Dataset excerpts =
╭──

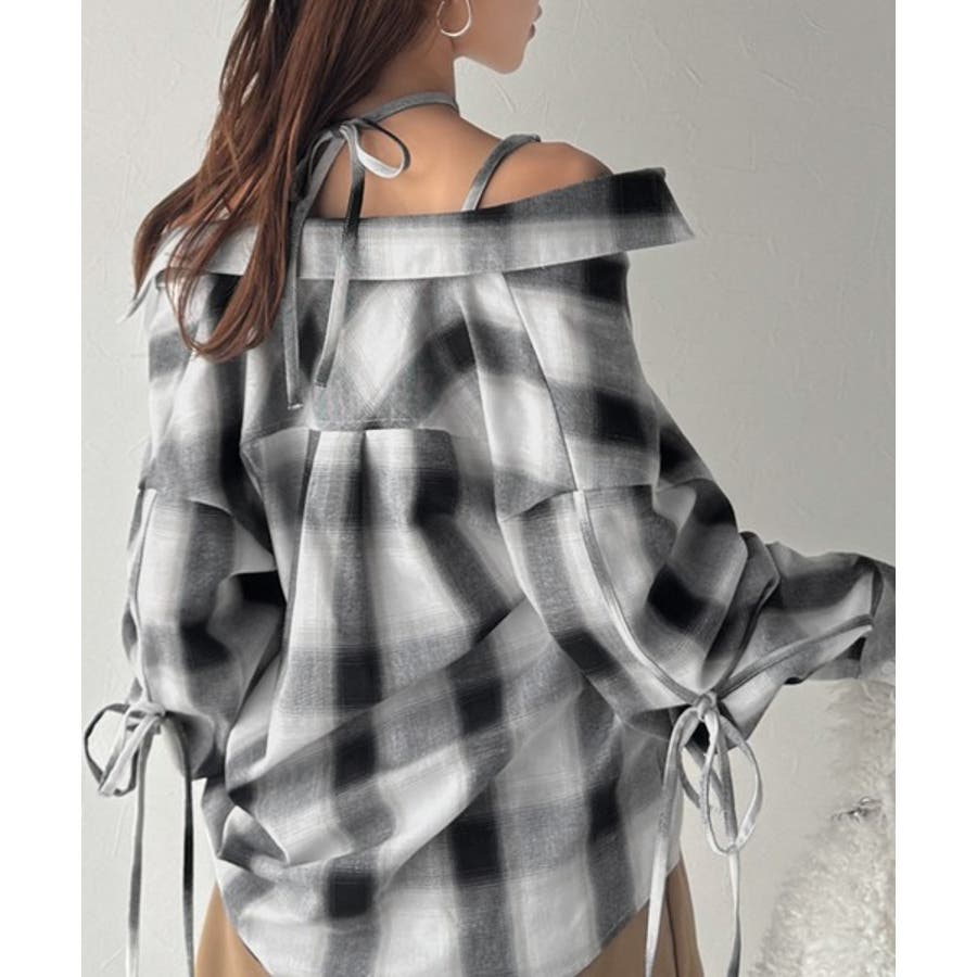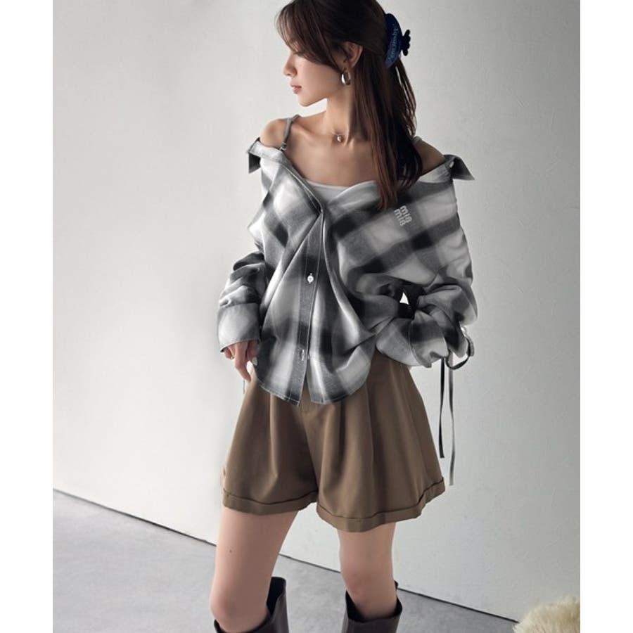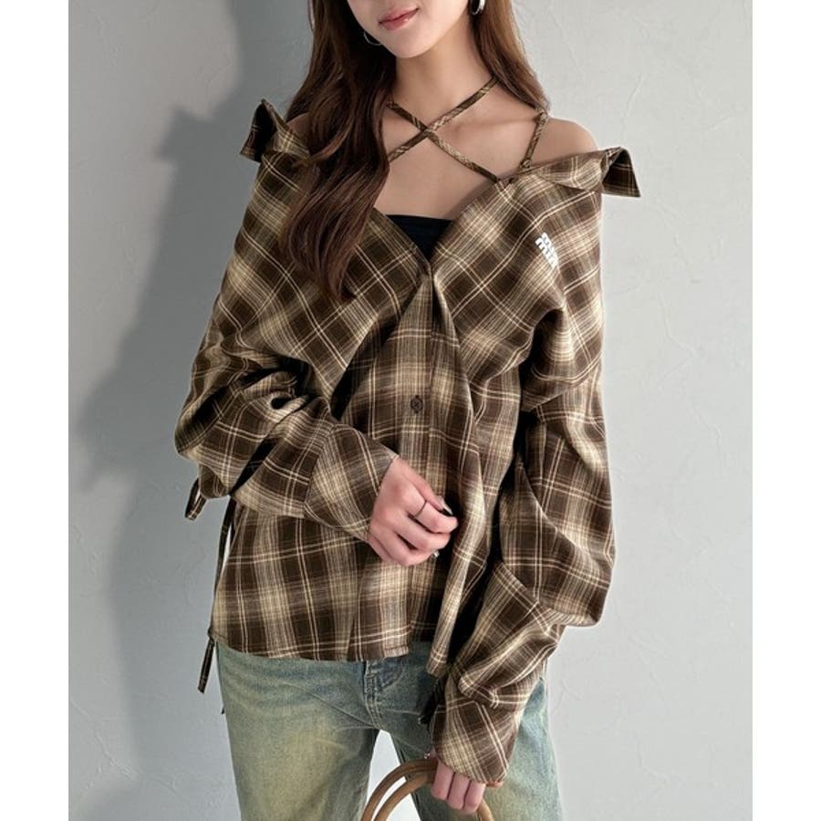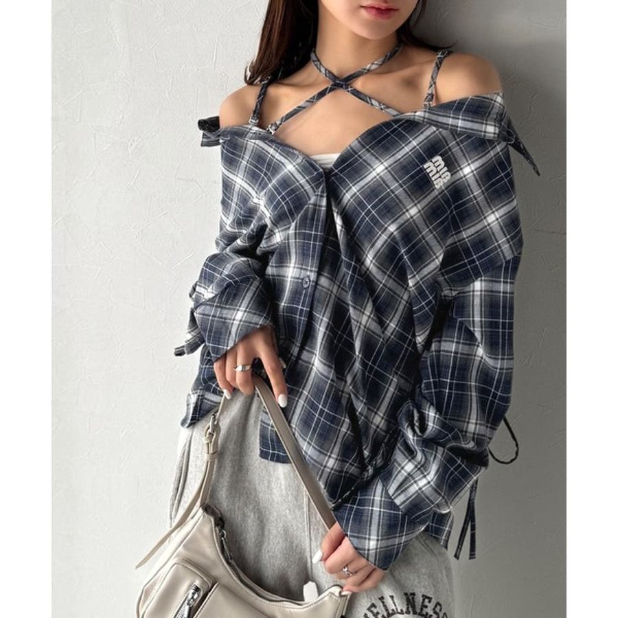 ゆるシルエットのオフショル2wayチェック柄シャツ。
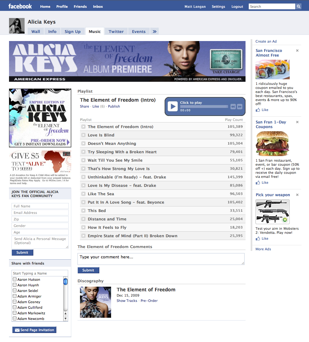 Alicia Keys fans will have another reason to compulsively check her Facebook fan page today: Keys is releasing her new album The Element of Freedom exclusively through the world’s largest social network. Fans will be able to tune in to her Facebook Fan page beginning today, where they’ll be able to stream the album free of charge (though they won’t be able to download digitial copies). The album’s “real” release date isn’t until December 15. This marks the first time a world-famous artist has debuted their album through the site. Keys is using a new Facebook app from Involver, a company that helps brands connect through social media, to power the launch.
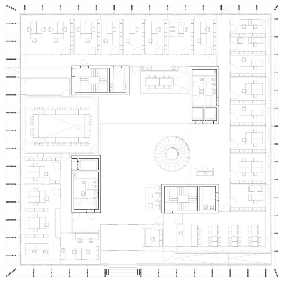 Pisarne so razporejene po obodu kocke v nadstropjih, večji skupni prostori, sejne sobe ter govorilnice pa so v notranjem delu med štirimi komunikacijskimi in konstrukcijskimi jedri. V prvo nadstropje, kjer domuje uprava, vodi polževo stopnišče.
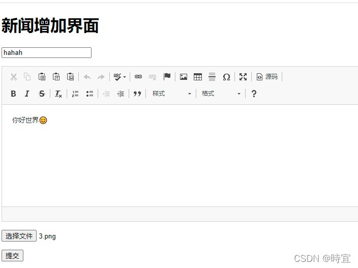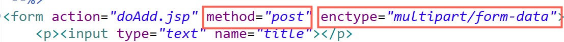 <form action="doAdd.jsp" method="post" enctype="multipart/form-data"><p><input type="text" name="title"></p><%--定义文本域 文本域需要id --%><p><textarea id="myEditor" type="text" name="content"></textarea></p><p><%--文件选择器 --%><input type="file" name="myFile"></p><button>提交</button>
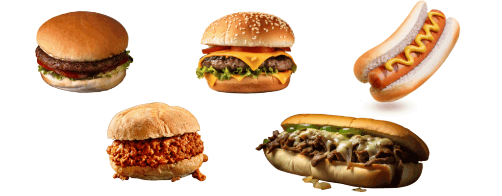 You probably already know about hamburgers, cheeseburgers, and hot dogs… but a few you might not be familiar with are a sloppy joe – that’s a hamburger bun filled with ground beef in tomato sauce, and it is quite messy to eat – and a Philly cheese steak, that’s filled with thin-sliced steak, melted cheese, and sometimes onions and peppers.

╰──

Work required =
Repeat the records above exactly, without pictures.

Written solution =
 ゆるシルエットのオフショル2wayチェック柄シャツ。
 Alicia Keys fans will have another reason to compulsively check her Facebook fan page today: Keys is releasing her new album The Element of Freedom exclusively through the world’s largest social network. Fans will be able to tune in to her Facebook Fan page beginning today, where they’ll be able to stream the album free of charge (though they won’t be able to download digitial copies). The album’s “real” release date isn’t until December 15. This marks the first time a world-famous artist has debuted their album through the site. Keys is using a new Facebook app from Involver, a company that helps brands connect through social media, to power the launch.
 Pisarne so razporejene po obodu kocke v nadstropjih, večji skupni prostori, sejne sobe ter govorilnice pa so v notranjem delu med štirimi komunikacijskimi in konstrukcijskimi jedri. V prvo nadstropje, kjer domuje uprava, vodi polževo stopnišče.
 <form action="doAdd.jsp" method="post" enctype="multipart/form-data"><p><input type="text" name="title"></p><%--定义文本域 文本域需要id --%><p><textarea id="myEditor" type="text" name="content"></textarea></p><p><%--文件选择器 --%><input type="file" name="myFile"></p><button>提交</button>
 You probably already know about hamburgers, cheeseburgers, and hot dogs… but a few you might not be familiar with are a sloppy joe – that’s a hamburger bun filled with ground beef in tomato sauce, and it is quite messy to eat – and a Philly cheese steak, that’s filled with thin-sliced steak, melted cheese, and sometimes onions and peppers.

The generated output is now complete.